Step 4: GitHub Actions Workflow — Manual Trigger
Load tests are not run on every push. Running a 2-minute load test on every PR would be slow, expensive (in credits), and noisy. Instead, it's a workflow_dispatch — triggered manually, on demand:
name: Load Test
on:
workflow_dispatch:
inputs:
environment:
description: 'Environment to test'
required: true
default: 'production'
type: choice
options:
- production
- staging
jobs:
load-test:
runs-on: ubuntu-latest
steps:
- name: Checkout code
uses: actions/checkout@v4
- name: Setup SSH
run: |
mkdir -p ~/.ssh
echo "${{ secrets.HETZNER_SSH_KEY }}" > ~/.ssh/id_rsa
chmod 600 ~/.ssh/id_rsa
ssh-keyscan -H ${{ secrets.HETZNER_HOST }} >> ~/.ssh/known_hosts
- name: Run load test
env:
CLIENT_ID: ${{ secrets.CLIENT_ID }}
CLIENT_SECRET: ${{ secrets.CLIENT_SECRET }}
HETZNER_HOST: ${{ secrets.HETZNER_HOST }}
HETZNER_USER: ${{ secrets.HETZNER_USER }}
run: |
chmod +x scripts/run-load-test.sh
./scripts/run-load-test.sh ${{ github.event.inputs.environment }}
Required GitHub secrets:
| Secret | Value |
|---|---|
| HETZNER_SSH_KEY | Contents of the ED25519 private key |
| HETZNER_HOST | Server IP or hostname |
| HETZNER_USER | SSH user (e.g. root) |
| CLIENT_ID | Templify API client ID |
| CLIENT_SECRET | Templify API client secret |
The ssh-keyscan step adds the server's host key to known_hosts, preventing the interactive "are you sure?" prompt that would hang the CI runner.

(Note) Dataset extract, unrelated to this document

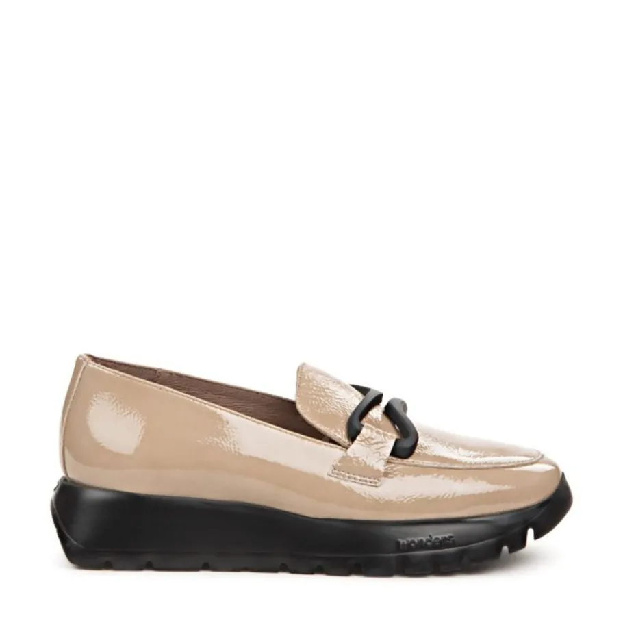 Add a modern, refined touch to your outfits with these platform loafers by Wonders. Crafted from quality patent leather in an elegant beige hue, they feature matte black trim on the vamp, providing a graphic contrast. Their 35 mm rubber outsole offers comfort and stability, while the removable leather insole with memory gel ensures optimal cushioning all day long. Lined with leather and textile, these moccasins combine contemporary style with exceptional comfort, for a polished look every day.

What the Output Looks Like
When k6 finishes, it prints a summary to stdout — which GitHub Actions captures and displays in the workflow logs:
/\ |‾‾| /‾‾/ /‾‾/
/\ / \ | |/ / / /
/ \/ \ | ( / ‾‾\
/ \ | |\ \ | (‾) |
/ __________ \ |__| \__\ \_____/ .io
execution: local
script: load-test.js
output: -
scenarios: (100.00%) 1 scenario, 5 max VUs, 2m30s max duration (incl. graceful stop):
* default: Up to 5 looping VUs for 2m0s over 3 stages (gracefulRampDown: 30s, ...)

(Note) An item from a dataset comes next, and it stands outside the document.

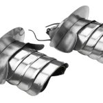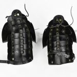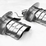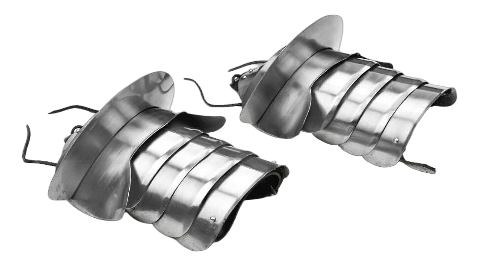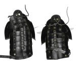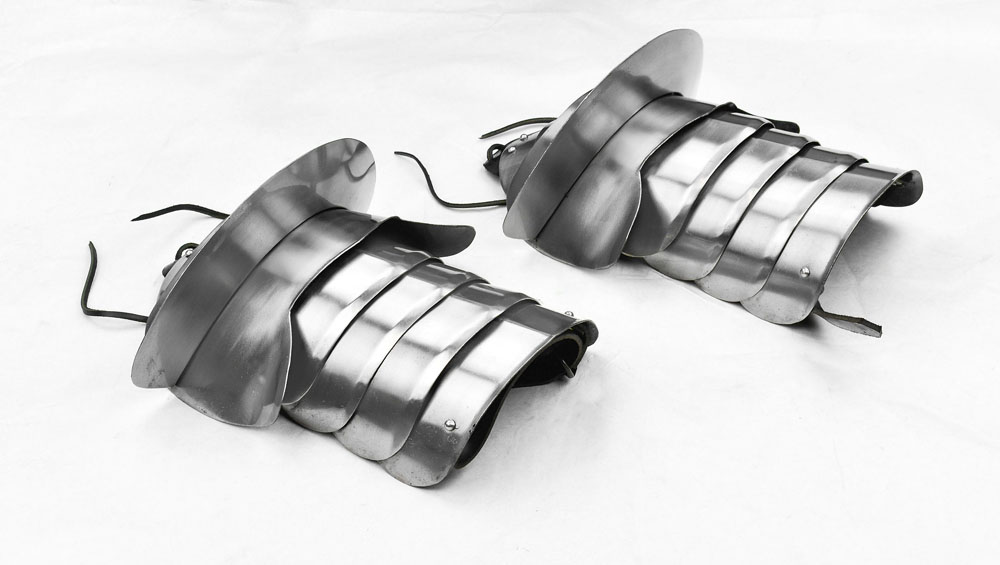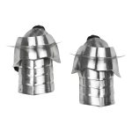 This set of plate pauldrons with vertical blade breakers to protect the neck and collar are crafted from 18 gauge steel; internal riveted leather banding provides the needed articulation of the plates and a perforated leather tab allows for them to be secured and tied onto a gorget or breastplate (leather cords are included additional armor is not included). A leather strap with a steel buckle at the bottom secures the armor to the upper arm.

✓ PDF generation status is 200
✓ PDF generation response time < 5s
checks.........................: 100.00% ✓ 142 ✗ 0
data_received..................: 14 MB 117 kB/s
data_sent......................: 87 kB 727 B/s
http_req_blocked...............: avg=18.4ms min=2µs med=5µs max=1.04s p(90)=10µs p(95)=14µs
http_req_duration..............: avg=1.91s min=892ms med=1.79s max=4.12s p(90)=2.94s p(95)=3.21s
✓ { expected_response:true }....: avg=1.91s min=892ms med=1.79s max=4.12s p(90)=2.94s p(95)=3.21s
http_req_failed................: 0.00% ✓ 0 ✗ 142
http_req_receiving.............: avg=143.2ms min=4.98ms med=79.5ms max=731ms p(90)=381ms p(95)=477ms
http_req_sending...............: avg=258µs min=97µs med=213µs max=1.45ms p(90)=435µs p(95)=509µs
http_req_tls_handshaking.......: avg=18.3ms min=0s med=0s max=1.04s p(90)=0s p(95)=0s
http_req_waiting...............: avg=1.77s min=858ms med=1.66s max=3.86s p(90)=2.72s p(95)=3.02s
http_reqs......................: 142 1.183333/s
iteration_duration.............: avg=2.91s min=1.9s med=2.79s max=5.15s p(90)=3.94s p(95)=4.21s
iterations.....................: 142 1.183333/s
vus............................: 1 min=1 max=5
vus_max........................: 5 min=5 max=5
running (2m00.0s), 0/5 VUs, 142 complete and 0 interrupted iterations
default ✓ [==============================] 0/5 VUs 2m0s
✓ http_req_duration............: p(95)=3.21s < 3.5s ✓ PASS
✓ http_req_failed..............: rate=0.00% < 10% ✓ PASS
The thresholds section at the bottom is the pass/fail verdict. k6 exits with a non-zero code if any threshold is breached — which means GitHub Actions marks the workflow run as failed. No manual inspection required.
The Full File Structure
job-runner/
├── k6/
│ ├── load-test.js # k6 test script
│ └── Dockerfile.k6 # Minimal k6 Docker image
├── scripts/
│ └── run-load-test.sh # SSH + SCP + docker run orchestration
└── .github/
└── workflows/
└── load-test.yml # Manual GitHub Actions workflow
Four files. That's the entire setup.
Key Design Decisions, Explained
Run k6 on the server, not from CI
Running from GitHub's Ubuntu runners introduces network hops: CI runner → Cloudflare/CDN → Vercel (API gateway) → Hetzner. That's fine for integration testing but adds noise to performance benchmarking. Running on Hetzner itself tests the raw capacity of the PDF service without network jitter.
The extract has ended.